[Extracted data entries]
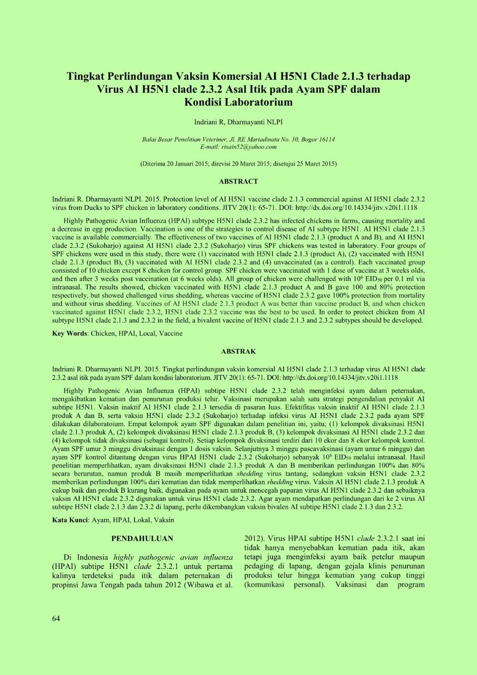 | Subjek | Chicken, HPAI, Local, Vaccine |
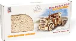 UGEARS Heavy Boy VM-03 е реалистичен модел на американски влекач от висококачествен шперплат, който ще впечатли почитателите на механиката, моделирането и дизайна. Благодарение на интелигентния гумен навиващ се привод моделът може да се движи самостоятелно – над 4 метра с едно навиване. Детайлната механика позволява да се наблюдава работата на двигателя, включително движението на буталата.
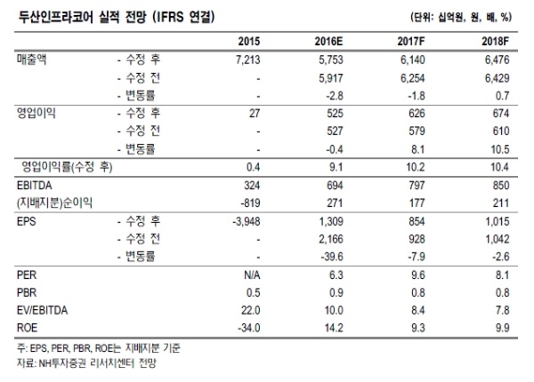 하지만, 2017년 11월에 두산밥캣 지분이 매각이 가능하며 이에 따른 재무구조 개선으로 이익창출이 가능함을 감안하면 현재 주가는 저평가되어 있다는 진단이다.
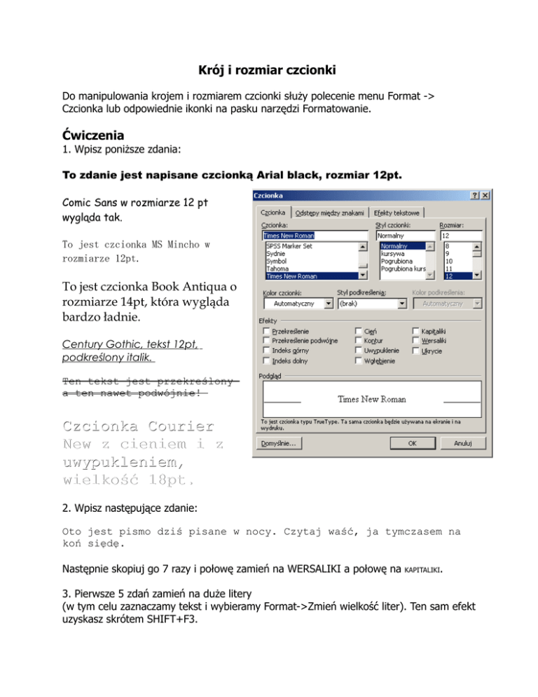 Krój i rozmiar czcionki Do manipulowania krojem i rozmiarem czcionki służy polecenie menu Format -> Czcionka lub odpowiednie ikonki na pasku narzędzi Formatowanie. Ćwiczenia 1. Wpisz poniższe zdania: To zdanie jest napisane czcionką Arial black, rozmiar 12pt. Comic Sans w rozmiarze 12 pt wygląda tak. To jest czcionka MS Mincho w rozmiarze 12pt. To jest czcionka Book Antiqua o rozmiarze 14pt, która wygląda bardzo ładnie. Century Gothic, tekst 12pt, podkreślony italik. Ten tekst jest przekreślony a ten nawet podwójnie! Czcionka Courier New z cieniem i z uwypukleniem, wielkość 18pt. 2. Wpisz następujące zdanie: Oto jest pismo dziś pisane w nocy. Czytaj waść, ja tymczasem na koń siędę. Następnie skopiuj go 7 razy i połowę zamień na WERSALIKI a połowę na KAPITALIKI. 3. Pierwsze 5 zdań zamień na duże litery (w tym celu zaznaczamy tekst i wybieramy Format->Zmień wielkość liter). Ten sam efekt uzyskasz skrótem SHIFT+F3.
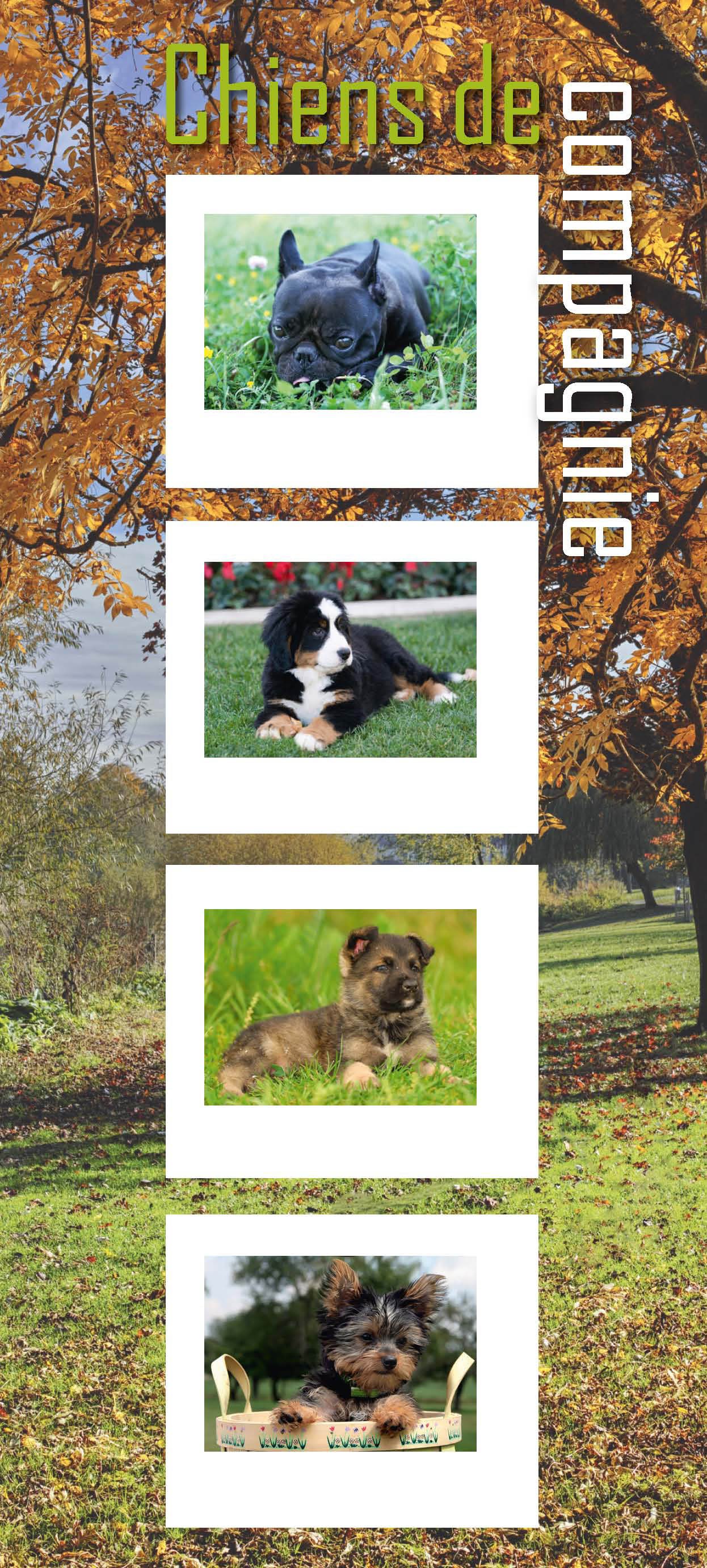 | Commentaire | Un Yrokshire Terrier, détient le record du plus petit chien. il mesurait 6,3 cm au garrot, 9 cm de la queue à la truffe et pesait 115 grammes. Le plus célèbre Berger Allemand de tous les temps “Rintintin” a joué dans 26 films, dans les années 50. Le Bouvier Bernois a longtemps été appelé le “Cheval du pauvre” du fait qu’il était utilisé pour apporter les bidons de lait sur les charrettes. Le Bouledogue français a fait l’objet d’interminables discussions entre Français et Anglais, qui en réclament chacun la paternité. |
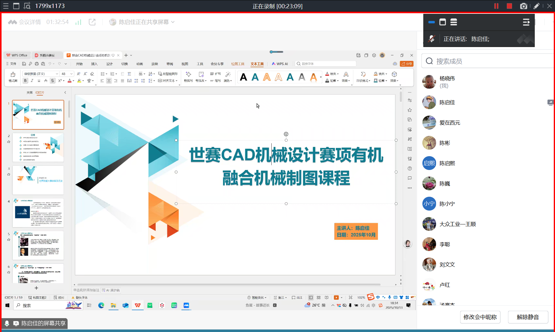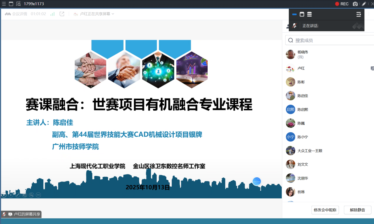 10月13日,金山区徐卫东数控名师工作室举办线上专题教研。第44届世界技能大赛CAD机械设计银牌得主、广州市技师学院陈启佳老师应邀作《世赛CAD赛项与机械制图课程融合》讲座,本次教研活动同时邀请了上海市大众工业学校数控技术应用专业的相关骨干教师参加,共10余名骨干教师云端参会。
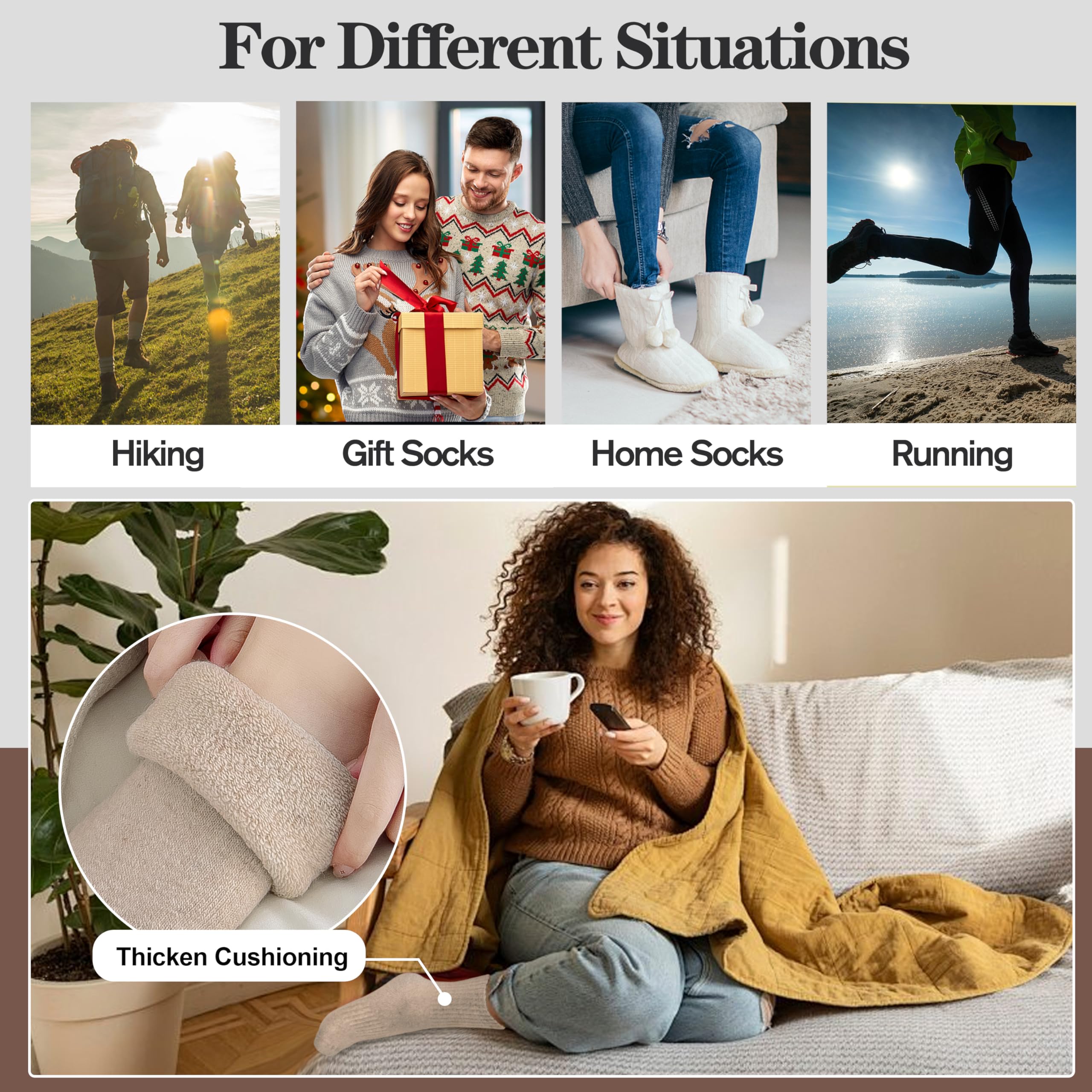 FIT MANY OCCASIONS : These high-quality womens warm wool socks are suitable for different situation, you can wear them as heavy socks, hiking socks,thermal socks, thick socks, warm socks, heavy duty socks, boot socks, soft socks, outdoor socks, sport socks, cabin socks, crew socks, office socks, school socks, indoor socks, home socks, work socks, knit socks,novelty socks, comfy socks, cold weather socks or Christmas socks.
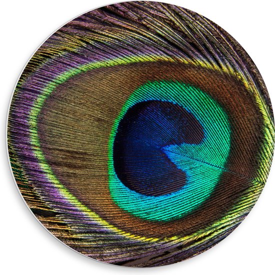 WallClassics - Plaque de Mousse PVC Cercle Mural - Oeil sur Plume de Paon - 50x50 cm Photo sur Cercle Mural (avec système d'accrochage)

- WORK ITEM
Beginning at the line that contains "FIT MANY OCCASIONS", retype each line of the data above through the very last one. Do not retype the pictures.

- TASK ANSWER
 FIT MANY OCCASIONS : These high-quality womens warm wool socks are suitable for different situation, you can wear them as heavy socks, hiking socks,thermal socks, thick socks, warm socks, heavy duty socks, boot socks, soft socks, outdoor socks, sport socks, cabin socks, crew socks, office socks, school socks, indoor socks, home socks, work socks, knit socks,novelty socks, comfy socks, cold weather socks or Christmas socks.
 WallClassics - Plaque de Mousse PVC Cercle Mural - Oeil sur Plume de Paon - 50x50 cm Photo sur Cercle Mural (avec système d'accrochage)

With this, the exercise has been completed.